Task to complete:
When the string "glace" occurs in a line of the records, show that line.

Entries taken from a collection:
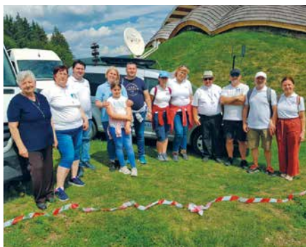
A Csíksomlyói búcsún

Nagyon hálás vagyok a mindenható Istennek és a Szűzanyának, hogy a stúdió létre jöhetett. Igaz olyan kicsi volt, hogy ketten alig fértek el benne, de volt. 2022-ben egy újabb lehetőséget kaptunk, amikor egy nagyobb épületbe költözött a stúdió, ami szintén a helyi támogatásából jött létre. Ez úton is megköszönöm mindenkinek hozzáállását, imáját és anyagi támogatását. Megtapasztaltuk a mennyei segítséget és kegyelmet.
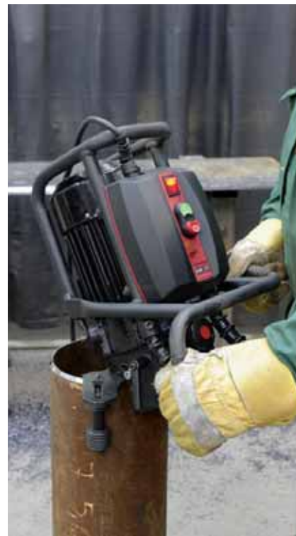
Biselado de tuberías
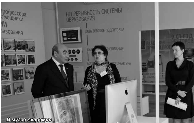
В музее Академии

быть успешно решены с помощью инструментов активной промышленной политики, направленной на технологическую модернизацию традиционных отраслей экономики, опережающее развитие обрабатыва-
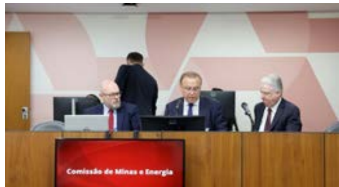
Deputado Gil Pereira (C) preside a Comissão de Minas e Energia, da Assembleia Legislativa (ALMG)

Aprovado no último dia 18/03/26, o Requerimento de Comissão (RQC) 20256/2026, de auto-
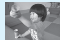
⑥ハッピーできあがり～
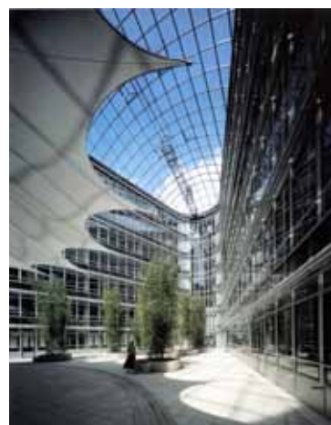
オフィスビル アモンフ ドレスデン
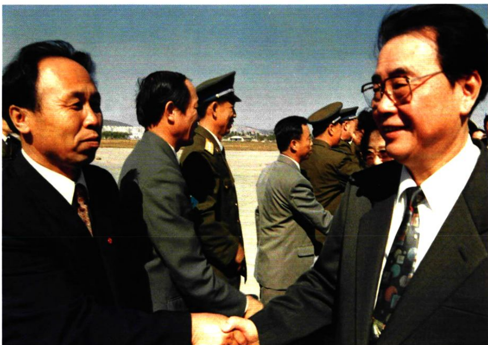
1994年10月13日，中共中央政治局常委、国务院总理李鹏乘专机抵达大连机场
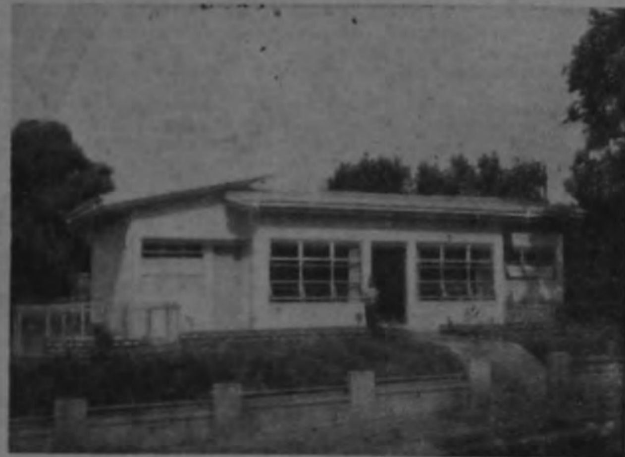
UNIDAD SANITARIA DE VALVERDE VEGA, construida por el MOP con un costo aproximado de ₡90.000, vino a significar un adelanto positivo para la higiene de esa importante población. El edificio consta de: Salón de Espera, 2 salas de consulta prenatal; 2 salas de consulta del niño sano, sala de enfermería, sala del Inspector Sanitario sala para dentista, laboratorio bodega servicios sanitarios suficientes. La Actual Administración ha construido varias Unidades Sanitarias por medio del Ministerio de Obras Públicas y la colaboración efectiva del Ministerio de Salubridad Pública.

En ediciones próximas daremos los nombres de las personas favorecidas.
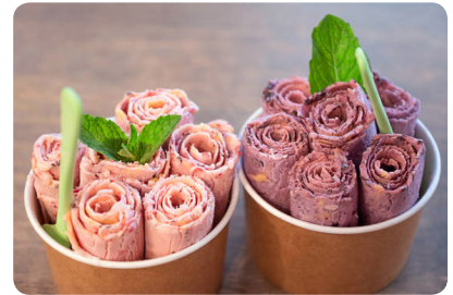
En Thaïlande, la glace se roule en jolis copeaux gourmands

Quand on pense glaces du monde , la première citée est la glace à l'italienne . Or son nom est trompeur car elle aurait été inventée... aux États-Unis, dans les années 1930 ! Elle avait alors l'avantage d'être plus légère pour les nombreux vendeurs ambulants. Les véritables glaces italiennes sont les gelati . Proches de nos crèmes glacées, elles sont plus légères car elles ne contiennent traditionnellement que du lait. En Sicile, la fameuse granita , glace pilée au sucre et au jus de citron, est très rafraîchissante. On retrouve ce genre de granite en Amérique du Sud sous le nom de rapsadilla ou shikashika . Dans un genre très différent, on peut citer les mochis glacés japonais, les ice rolls de Thaïlande, etc... En tous cas une chose est sûre : c'est toujours bon !

Expected output:
En Thaïlande, la glace se roule en jolis copeaux gourmands
Quand on pense glaces du monde , la première citée est la glace à l'italienne . Or son nom est trompeur car elle aurait été inventée... aux États-Unis, dans les années 1930 ! Elle avait alors l'avantage d'être plus légère pour les nombreux vendeurs ambulants. Les véritables glaces italiennes sont les gelati . Proches de nos crèmes glacées, elles sont plus légères car elles ne contiennent traditionnellement que du lait. En Sicile, la fameuse granita , glace pilée au sucre et au jus de citron, est très rafraîchissante. On retrouve ce genre de granite en Amérique du Sud sous le nom de rapsadilla ou shikashika . Dans un genre très différent, on peut citer les mochis glacés japonais, les ice rolls de Thaïlande, etc... En tous cas une chose est sûre : c'est toujours bon !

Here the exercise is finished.